LP evaluation summary for Scenario 2
The refinery linear program (LP) simulation was used to evaluate the impact of future fuel demands for each configuration. Figure 2 shows the product slate for the initial 
refinery configuration and the revamp configuration changes assumed to meet the future demands.
Table 3 summarises the LP simulation for Scenarios 1 and 2.

Petrochemical naphtha production in years subsequent to 2030 was eliminated in Scenario 2, increasing the yield of higher value products.

The refinery unit capacities as a function of time in the Scenario 2 analysis are compared to Scenario 1 in Figure 3. Similar to Scenario 1, the largest process unit is the DHT, with approximately 100000 b/d capacity in both scenarios. The CU for vacuum residue conversion, and the naphtha complex NHT, CNR and isomerisation units also are similar in capacity. The key difference in capacities is between the HC and FCC units. In Scenario 2, the production of New Fuel allows for the FCC unit to be fully utilised, requiring a much smaller HC unit, at 18 000 b/d compared to 61000 b/d in Scenario 1. The conversion unit capacities are contrasted in Figure 4 for Scenario 1 and Scenario 2.

The blend stocks required for the 100 RON gasoline product for Scenarios 1 and 2 are compared in Figure 5. Since there is a higher feed rate to the FCC in the New Fuel scenario, more alkylate is produced, and the higher FCC conversion also increases MTBE production, minimising the amount of MTBE to be purchased. The decrease in imported high octane blend stocks increases profitability.

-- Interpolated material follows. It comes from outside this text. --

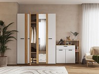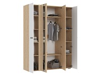 Для одежды из деликатных тканей предусмотрена ниша со штангой. Отделения с полками подходят для футболок, джинсов, постельного белья и пледов. Зеркальные фасады увеличивают пространство, а сочетание матовых поверхностей и светлого дерева украшает современный интерьер.
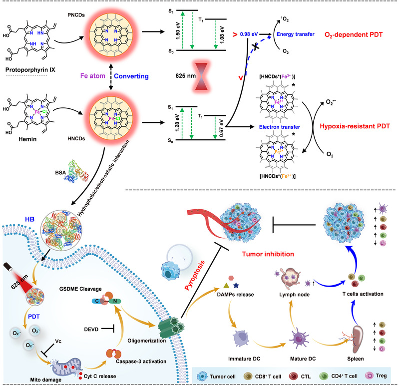 本研究通过简单溶剂热处理将无光敏活性的氯化血红素(Hemin)转化成具有红光光敏活性的纳米光敏剂,其具有良好的生物相容性和抗乏氧ROS生成能力。研究发现HNCDs 继承了 Hemin 的单原子 Fe-N4中心,并创造了sp2杂化的碳环境,减少了激发三重态(T1)和基态(S0)之间的能级差,促使能量转移被转换为电子传递,促使超氧自由基(O2• −)的生成,从而将光动力过程由氧气依赖型转化为抗乏氧型。为了提高HNCDs的体内应用,用血清白蛋白对HNCDs进行包裹得到均匀的HB光敏纳米粒,即使在缺氧环境也能通过 Caspase-3/GSDME 途径显著诱导癌细胞发生焦亡,激活强烈的抗肿瘤免疫反应,有效抑制了三阴性乳腺癌的生长和转移。

A key benefit of producing New Fuel is the capability to upgrade isomerate to New Fuel rather than selling it as naphtha. All of the isomerate is blended into New Fuel whereas 7000 b/d was sold in Scenario 1. The key limiting specification for the New Fuel blend is the specific gravity. However, since the endpoint can be higher than gasoline, some kerosene is blended to increase the gravity and energy content. New Fuel provides the refiner with significant product blending flexibility and a value added disposition for low octane naphtha streams.